Science Fair Project Encyclopedia
Doulos (plural form: Douloi), translated from Greek, means a worker who has no voting rights in order to vote for the decisions that affect his community, and who is forced to obey the commands of another person. On the contrary, a free person (eleutheros) is defined as a person who has voting rights, and is subjected to nobody except to the laws of his community that have been decided democratically using majoritarianism. In between them there is a metic (metikos), meaning immigrant guest or visitor, who has no voting rights, but who is not forced to obey the commands of another person, and is free to leave the country.
The word "douleia", used often by contemporary Greeks, is translated as "work", and this is not by chance. Additionally, the accurate translation of the word slave is "sklavos". This shows that Greeks distinguish "doulos" from slave.
Douloi in Athenian democracy were protected by laws similar to today liberal rights. No doulos could be killed by anyone, a trial was required in order to announce a death sentence of a doulos. Also their children were protected. For example there was a law that everyone who raped a child (either a free child or a doulos one) was sentenced to death. You could also find douloi in Athenian democracy who were wealthier than free persons. Douloi had the right to become suppliants in temples in case they were maltreated by their masters, and in that case their master was forced to sell them. Additionally a free person could denounce another free person in case of a doulos maltreatment.

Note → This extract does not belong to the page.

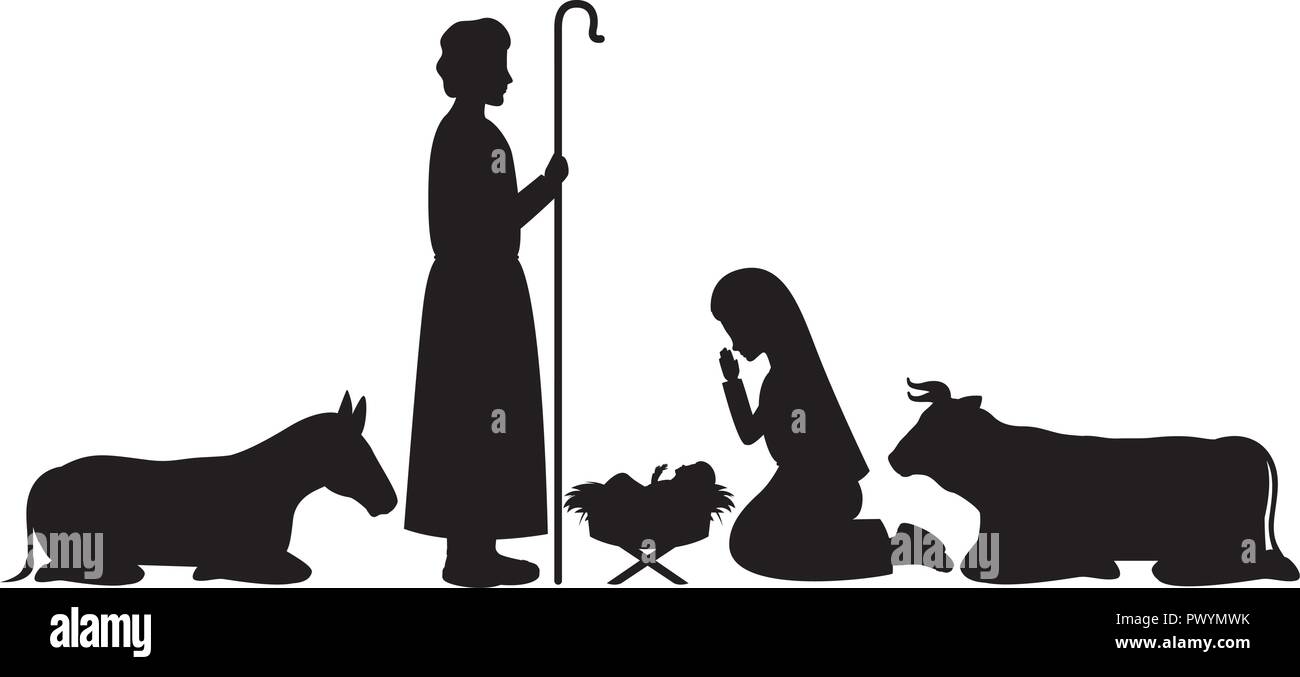 Silueta de la figura del pesebre de Navidad Imagen Vector de stock ...
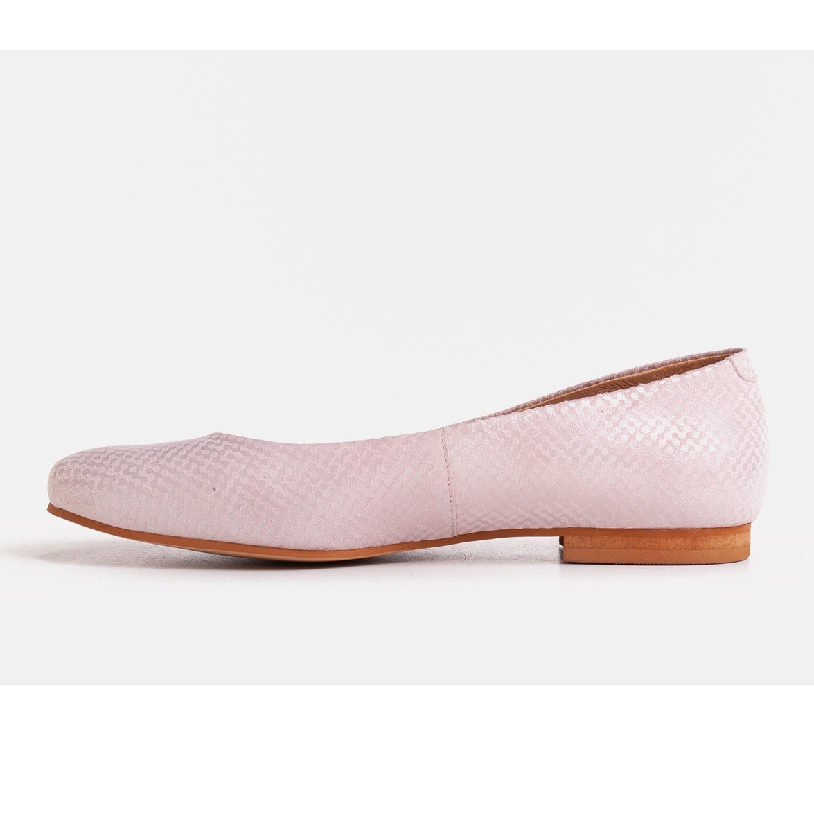 The whole thing looks extremely tasteful thanks to the high-quality natural suede used to finish the outer part of the shoe. The delicate pink color combined with a silver-plated shade gives the ballerinas a modern character and can also make them an attractive accent in any styling.

Aristotle (who was in favor of douleia) mentioned that some philosophers in Athenian Democracy were against douleia and they wanted the abolishment of it. Unfortunately, the writings of those philosophers weren't preserved by successive governments. From other sources can be found just a quote from Alcidamas: "God has set everyone free. No one is created Doulos, by nature". Also a small fraction of a poem of Philemon demonstrated that he was also against douleia.
They were many classes of douloi in Athens:
- The home douloi, living in his master's home and working at home or land or shop.
- The freelancer douloi, who didn't live with their master but were working in their master's shop or fields and were paying him taxes from money they get from their own properties (as long as property was allowed to be owned by douloi).
- The public sector douloi, similar to municipal servants, who were working as police officers, ushers, secretaries, street sweepers, etc.
- The andrapods douloi who were rowers in commercial ships or miners. They often belong to a master who has lent them to another person. The miners in Athenian Democracy were about ten to fifteen thousand persons (3% to 5% of the population). Most of them were douloi, but not all of them, as excavations have proved that free persons also were working as miners. The miners' work was very hard and their living conditions very bad, which is why the douloi miners revolted in 413 B.C. during the war between Athens and Sparta. This caused very bad consequences both in the economy of Athens and in the Athenian army, and as a result Athens lost the war.
On the other hand, in Sparta and some other ancient Greek city-states, douloi were treated very badly. For example, it was custom in Sparta for a young man to pass from adolescence to maturity by killing one or more douloi. Sparta douloi were actually named ilotes, to distinguish them from Athenian ones. Subsequently, however, during the war between Athens and Sparta, and after the capture of Dekelia by the Spartans, two thousand Athenian douloi defect to Sparta, maybe because the Athenian state was disrupted and was ready to surrender.
Athens Politia, 10,10-11.
"Douloi and metics in Athens are very unrestrained. In Athens you are not allowed to hit a doulo, neither a doulos will let you pass firstly in a queue. I am going to explain you now why this is happening. If there was a law that would allow a free person to hit a doulo, or a metic, it will be very possible to hit a free person instead, as long as free persons do not wear better clothes or have better appearance, in order to distinguish them from doulous."